--- TASK ITEM ---
Transcribe exactly the lines below that begin at the line with "Jättefin stickadtröja från" and stop after the line with "William Morris Inspired", leaving out every picture.

--- EXTRACTED RECORDS ---
--- START ---
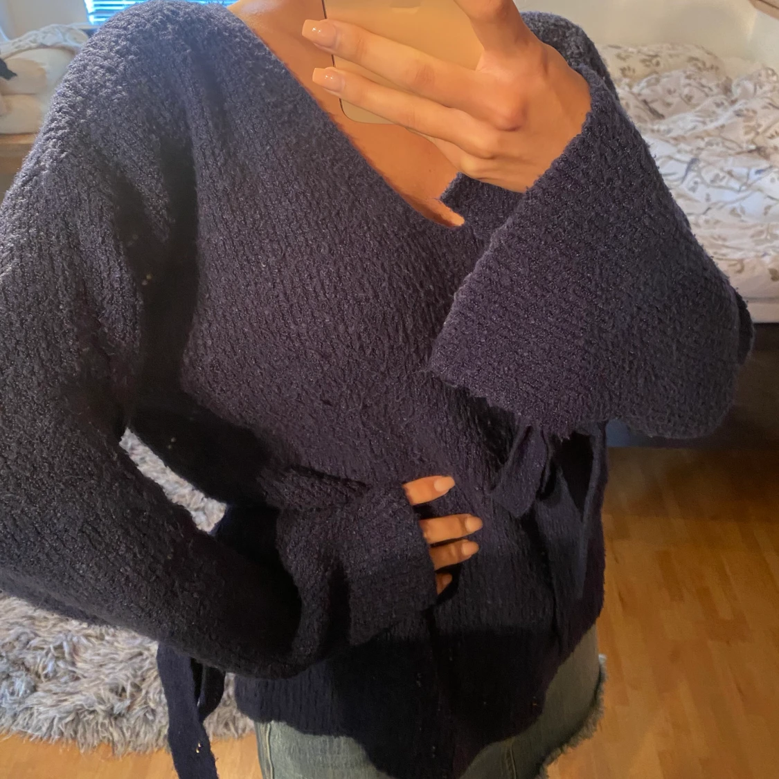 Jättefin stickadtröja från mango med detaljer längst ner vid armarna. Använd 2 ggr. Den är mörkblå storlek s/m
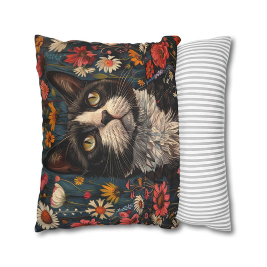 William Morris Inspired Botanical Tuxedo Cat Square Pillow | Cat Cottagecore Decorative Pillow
--- END ---
--- START ---
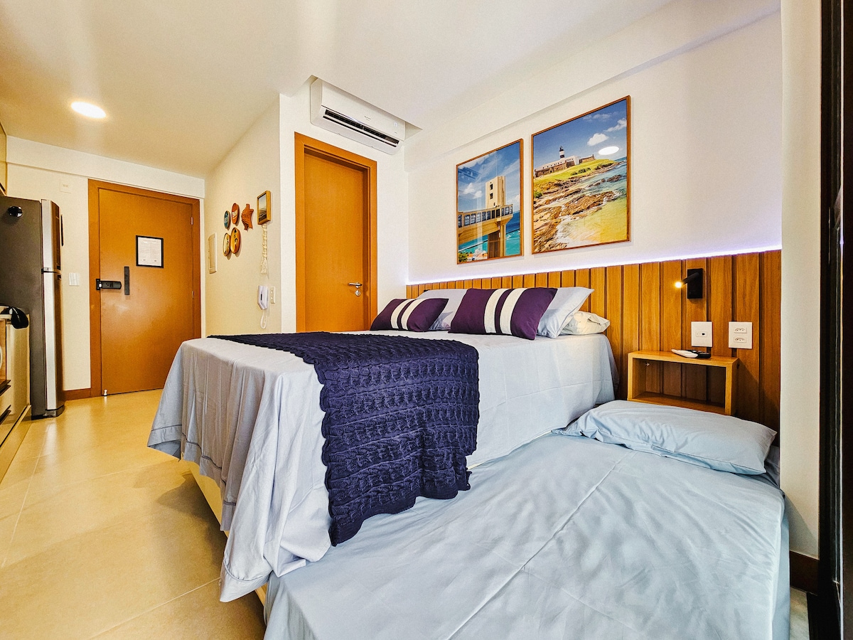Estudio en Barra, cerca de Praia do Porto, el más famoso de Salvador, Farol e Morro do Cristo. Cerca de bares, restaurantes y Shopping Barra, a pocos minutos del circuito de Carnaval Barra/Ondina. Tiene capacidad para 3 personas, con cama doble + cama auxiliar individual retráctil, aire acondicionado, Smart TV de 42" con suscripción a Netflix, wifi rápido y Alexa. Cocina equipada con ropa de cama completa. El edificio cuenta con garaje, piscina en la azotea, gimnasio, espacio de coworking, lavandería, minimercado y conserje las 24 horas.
--- END ---
--- START ---
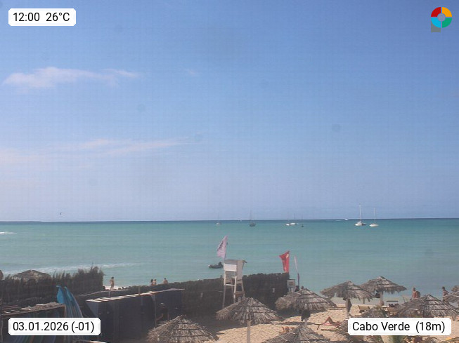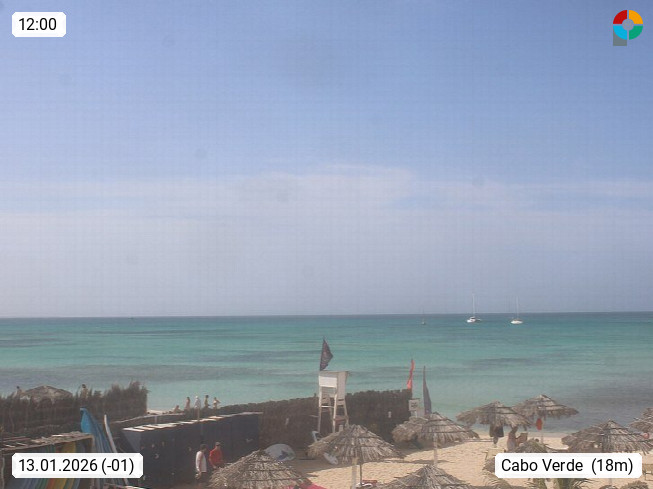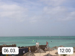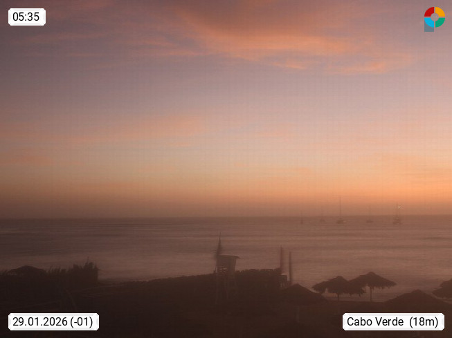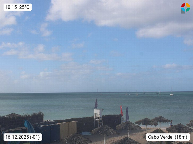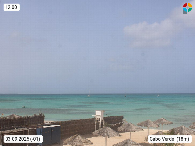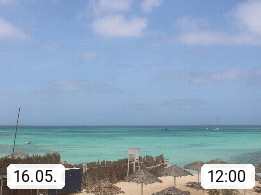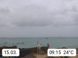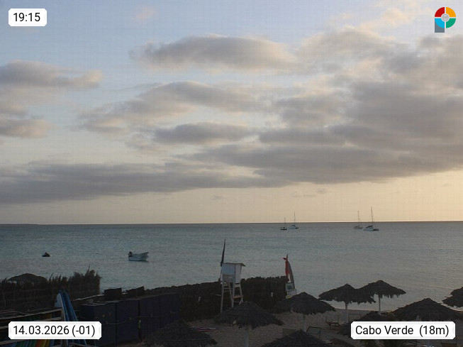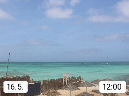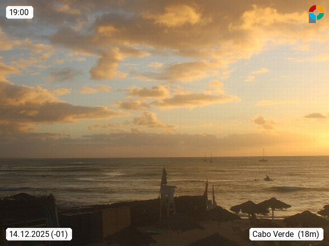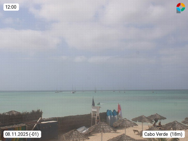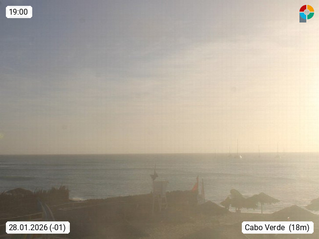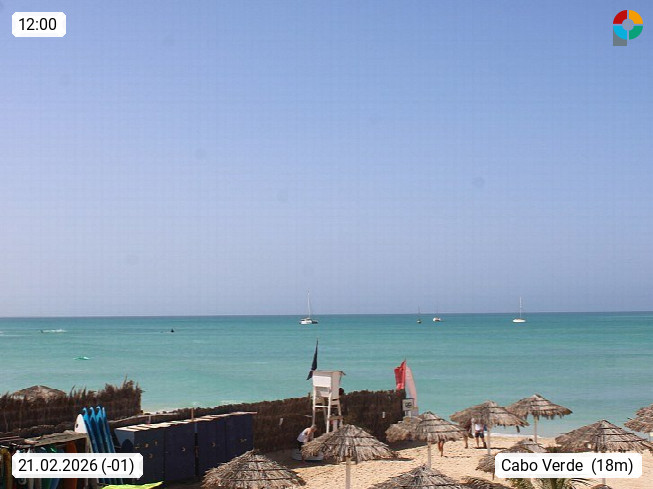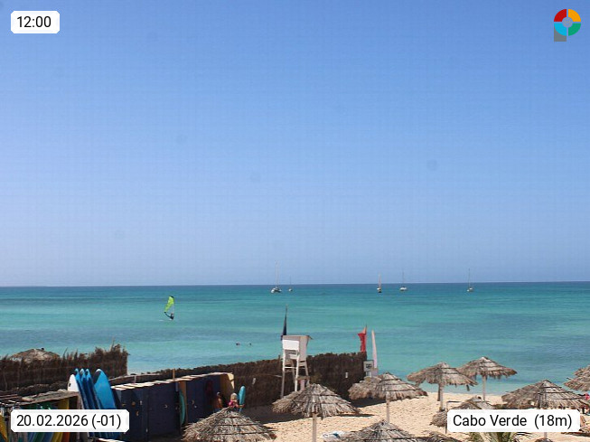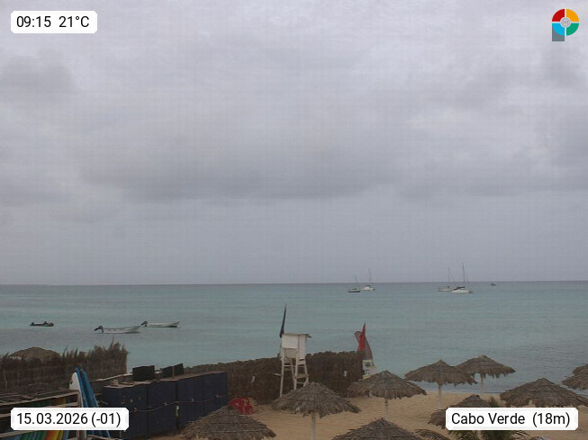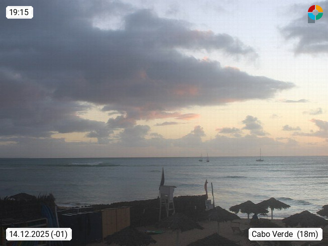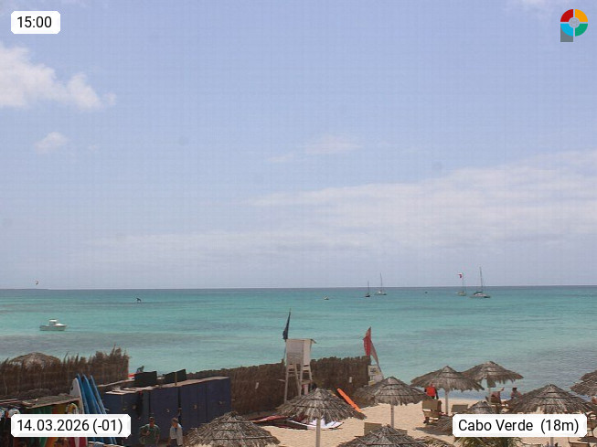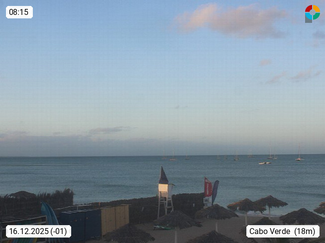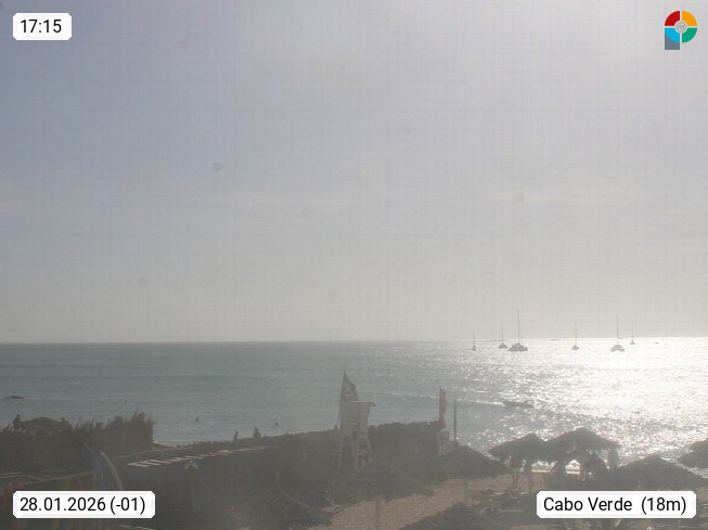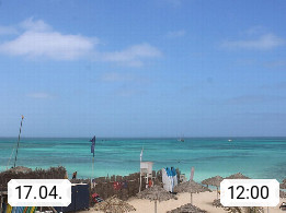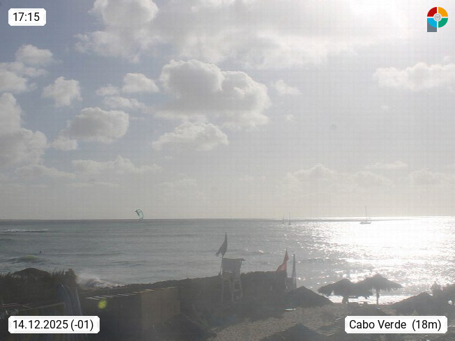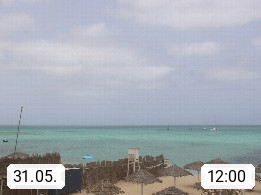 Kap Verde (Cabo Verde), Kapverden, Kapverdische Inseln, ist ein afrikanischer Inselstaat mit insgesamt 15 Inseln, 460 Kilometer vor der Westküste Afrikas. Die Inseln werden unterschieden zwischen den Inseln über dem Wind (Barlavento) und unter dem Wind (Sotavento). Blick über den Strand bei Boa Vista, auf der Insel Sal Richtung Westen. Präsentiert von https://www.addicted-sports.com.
--- END ---
--- YOUR SOLUTION ---
 Jättefin stickadtröja från mango med detaljer längst ner vid armarna. Använd 2 ggr. Den är mörkblå storlek s/m
 William Morris Inspired Botanical Tuxedo Cat Square Pillow | Cat Cottagecore Decorative Pillow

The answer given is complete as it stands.